We were impressed with how quickly and smoothly the SkyMatic went together. It takes only a few minutes to unbox it and get going. A Phillips-head screwdriver and triangular driver are included in the box, but we found these tools completely unneeded during setup.
We like the tubular tripod. Rectangular or square tripods tend to bend if they have been warped even slightly. Attaching the accessory tray is literally a snap! You just place its nicely designed keyway on the matching part, twist it and lock it. This keeps the tripod spread securely and gives you a convenient place for eyepieces, red-lens flashlight, filters and other items.
The single altitude-azimuth arm plops neatly into its saddle and is perfectly aligned to the screw holding it in. A couple of spins of the cone cap, and you're there! Fitting up the optical tube is similarly simple.
Our only objection to this design is that it puts a relatively long and massive optical tube on a single arm. When you slew the telescope (using the keypad), it takes 6 or 7 seconds after you've stopped for the wobble to settle down. Each time you increment the pointing, it sets up a new wobble, and in windy conditions, you get constantly dancing stars and planets. That said, a sturdier arm and tripod would have cost more and been much heavier to lug around.

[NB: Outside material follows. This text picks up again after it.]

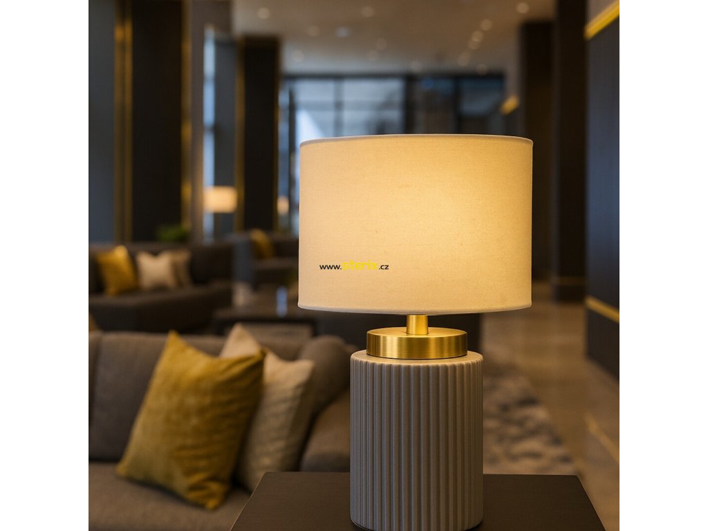 Moderní stolní lampička INGRID vyrobena z keramiky a tkaniny. Příkon klasické...

The focuser will accept 2-inch eyepieces. It looks almost absurdly large on the 5.3-inch (13.5 cm) tube, but it's nice to know that you can have a wide-field stargazing experience with this telescope. The two included 1.25-inch Kellner eyepieces — 1-inch (2.5 cm) wide-angle and 0.4-inch (1 cm) high-power — are quite adequate to get you started with this telescope. The focuser is easy to use as well; we just wish it had finer teeth, to allow for more precise adjustment. This focuser lacks the second "vernier" fine-focus knob seen on more expensive telescopes.

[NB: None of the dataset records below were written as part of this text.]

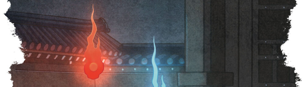 This took place during the previous year of the monkey. A teahouse proprietor working along the horse road had business in Fukagawa, and as night fell he was passing Reigan-ji Temple. At that moment, he saw two ghostly fires – one red, one blue –  but they vanished in an instant. He was a courageous man, so he walked on to the end of the temple without a thought. Then, a young woman’s voice called out to him, so he turned back.
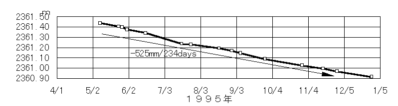 第3図 溶岩ドームの斜距離変化(1995/5/8-12/28:T6(仁田第2)−D2)
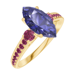 « L'ATELIER » NR. 168950Ring Geelgoud 9 karaat - Blauwe saffier Markies 1 Karaat - Aanleunende edelstenen Robijn - Setting Robijn

The SkyMatic's overall design is simple, elegant and modern. Only the battery pack seems absurdly archaic: an injection-molded plastic cassette for eight AA batteries that is supposed to be placed within its own leatherette stuff sack. The wires' connections are easy to break and are under constantstress, with no strain relief. You're supposed to hang this thing somewhere on your telescope. It's a clunky rig, but sadly common among telescopes of many brands.
When the telescope is not powered up, you must be careful not to spin (rotate) the scope — in other words, change its azimuth. Doing so voids the warranty if you break it. Only the altitude ("tilt") may be manually adjusted when the scope is not plugged in.
Levenhuk's SynScan keypad controller is essentially identical to Celestron's NexStar computer. That SynScan slips into a plastic bracket, which you affix to one of the tripod legs with a nylon band with a Velcro closure.
It's easier to get the SkyMatic aligned and tracking on the sky than it is with many other telescopes. But it is not fully automated. You will need to know your latitude and longitude, your local time in 24-hour format, and the identity of at least one of the bright stars in your sky.
The SkyMatic can carry a small camera. (Larger DSLRs, however, will load down the drive motors and make the tube wobble.) For astrophotography, you'll need to go one step beyond the simple star alignment: You must invoke the SynScan's Pointing Accuracy Enhancement procedure. It's not difficult; but it takes some time, and you need to be able to recognize some additional celestial objects.
The SynScan onboard computer has a database of almost 43,000 objects. That's a lot more than you'll ever see in one lifetime. The sad truth is, most of them will never be visible under most observers' sky conditions. But if you can get your SkyMatic out away from city lights on a clear, moonless night, you can look out across the cosmic ocean and back into the depths of time. And you will wonder, "Who is out there, looking back?"